The company raised a further $2.6 billion from bank facilities and debt capital markets and repaid $875 million of the Commonwealth loan, reducing the outstanding balance to $5.5 billion.

The company is still struggling to increase its average revenue per user (ARPU). According to projections from five years ago, that should now have been more around $52-$54 but instead, it has increased by 1% to $47. This clearly confirms my long-standing position that uptake of the NBN and its higher speeds have more to do with affordability than with technology.

The company also announced more details about its plan to overbuild the Fibre-to-the-Node (FttN) network with a proper fibre network. However, the details remain scarce and confusing.

The initial backflip from the Coalition Government took place in 2020, announcing the start of overbuilding parts of the FttN network with fibre.

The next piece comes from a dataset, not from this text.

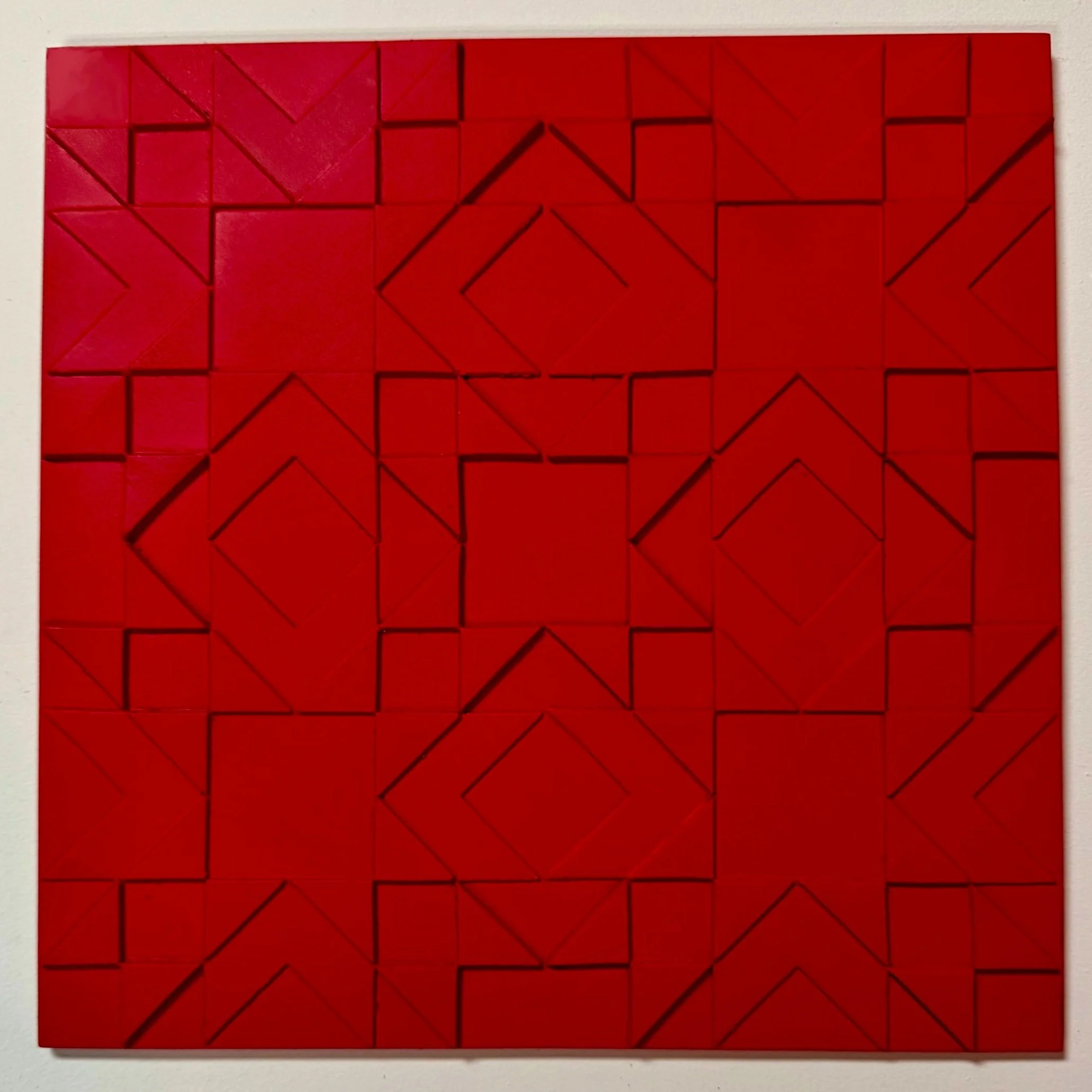 Ritual is an exploration of building identity through fragments of repeated action. The pattern is a double star quilt block rendered in 3 dimensions, cast in resin 24 times, assembled then painted. The tradition of quilting is a highly ritualistic act; a specific set of steps are followed and repeated to build an object of significance out of otherwise discarded fabric.

Subsequent election promises in 2022 and 2023 had broad bipartisan support. According to the latest data, it looks like the company aims to have 796,000 services upgraded by the end of 2026. It made a start last year and connected 3,000 premises, and it hopes that by the end of this year, this will have reached 121,000 activations.

I am not quite sure how this data fits in with the government announcement to invest $2.4 billion to enable an additional 1.5 million homes and businesses currently served by FttN to upgrade to Fibre-to-the-Premise (FttP). This is on top of the company’s original program to enable full fibre upgrades to an initial 2 million premises served by FttN. Also happening are upgrades from the HFC network. As mentioned, the situation remains somewhat confusing.

Whatever the technology, the company plans to enable up to 10 million premises or around 90% of premises on the fixed line network to access the “NBN Home Ultrafast” wholesale speed tier, which is capable of achieving peak wholesale download speeds of 500 Mbps to close to 1 Gbps, by the end of 2025.

Upgrades of the fixed wireless network are also progressing. This is based on the $750 million commitment to upgrade this network using 4G technology and software enhancements as well as the latest 5G mmWave technology. This will allow existing fixed wireless users to achieve faster and more consistent speeds with less congestion. This network should achieve typical wholesale busy period download speeds of at least 50 Mbps.

The enhancements are being delivered across more than 2,300 fixed wireless infrastructure sites and will also enable approximately 120,000 former satellite-only eligible premises to access fixed wireless services by the end of 2024.

In an interview with Grahame Lynch, NBN Co CEO Stephen Rue suggested the telco’s FttP infrastructure lead-in costs were around $1,500 and the cost of passing the premises was “slightly less than that”. This is higher than figures given to Grahame’s publication, Communications Day, by the Coalition Government in late 2020, which modelled a $1,350 cost per premises passed and a $750 lead-in cost, numbers which Communications Day has reported subsequently without contradiction from NBN Co. But now Rue said this lead-in estimate was not accurate. Of course, this has nothing to do with politics.

All in all, NBN Co is moving along and is making progress which is a good thing. The situation is as it is. No use crying over spilt milk — we now have to make the best of it and certainly, this is what the company is doing.

But as a result of the political interference from the Coalition Government over nearly a decade, this means delays and sometimes stumbling and muddling on along the way.